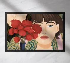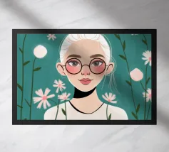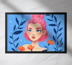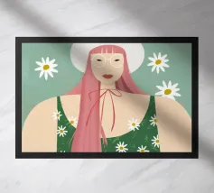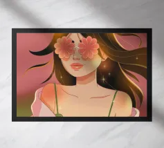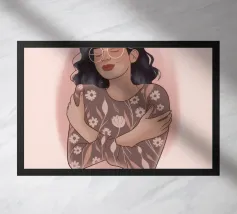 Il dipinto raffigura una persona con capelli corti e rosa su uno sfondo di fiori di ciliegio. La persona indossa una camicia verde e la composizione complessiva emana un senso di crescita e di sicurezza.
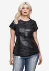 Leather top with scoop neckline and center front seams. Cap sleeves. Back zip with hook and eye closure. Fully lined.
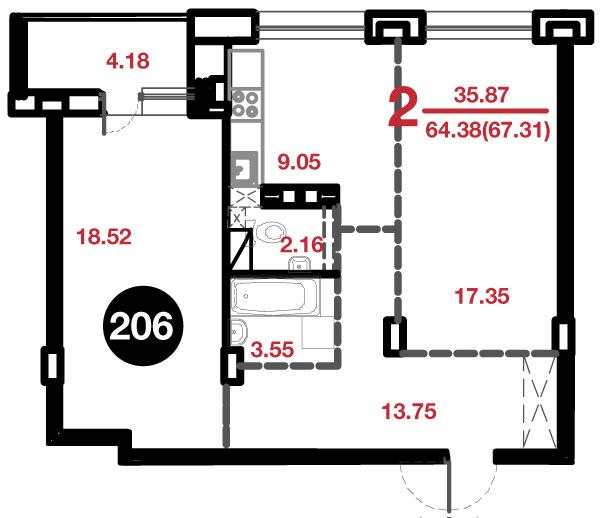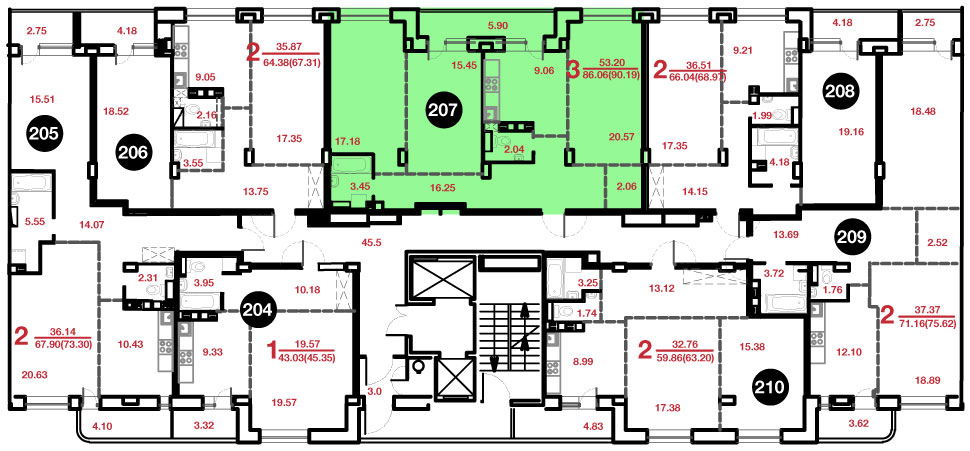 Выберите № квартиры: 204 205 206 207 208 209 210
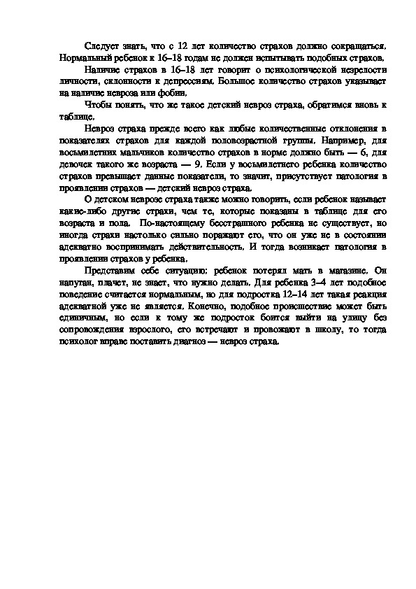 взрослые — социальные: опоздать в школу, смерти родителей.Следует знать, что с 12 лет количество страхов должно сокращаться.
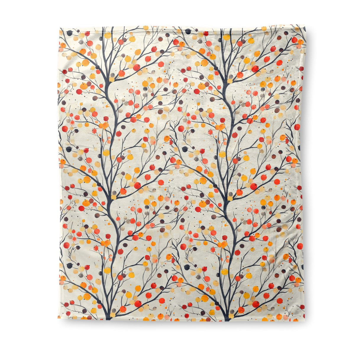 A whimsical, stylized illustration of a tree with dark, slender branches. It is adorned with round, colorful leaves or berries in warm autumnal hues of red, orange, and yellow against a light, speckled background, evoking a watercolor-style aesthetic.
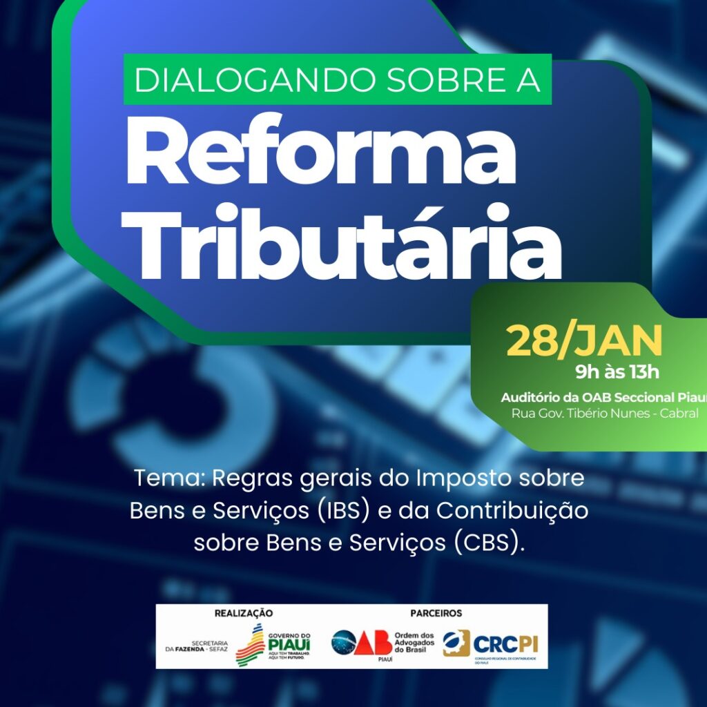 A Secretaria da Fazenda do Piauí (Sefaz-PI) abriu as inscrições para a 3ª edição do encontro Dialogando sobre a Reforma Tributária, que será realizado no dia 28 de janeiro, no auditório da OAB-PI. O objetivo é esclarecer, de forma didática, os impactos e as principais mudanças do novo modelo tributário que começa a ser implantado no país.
----
§ **Exercise directions**: Please copy the preceding records exactly and omit the images.

§ **Answer section**:
 Il dipinto raffigura una persona con capelli corti e rosa su uno sfondo di fiori di ciliegio. La persona indossa una camicia verde e la composizione complessiva emana un senso di crescita e di sicurezza.
 Leather top with scoop neckline and center front seams. Cap sleeves. Back zip with hook and eye closure. Fully lined.
 Выберите № квартиры: 204 205 206 207 208 209 210
 взрослые — социальные: опоздать в школу, смерти родителей.Следует знать, что с 12 лет количество страхов должно сокращаться.
 A whimsical, stylized illustration of a tree with dark, slender branches. It is adorned with round, colorful leaves or berries in warm autumnal hues of red, orange, and yellow against a light, speckled background, evoking a watercolor-style aesthetic.
 A Secretaria da Fazenda do Piauí (Sefaz-PI) abriu as inscrições para a 3ª edição do encontro Dialogando sobre a Reforma Tributária, que será realizado no dia 28 de janeiro, no auditório da OAB-PI. O objetivo é esclarecer, de forma didática, os impactos e as principais mudanças do novo modelo tributário que começa a ser implantado no país.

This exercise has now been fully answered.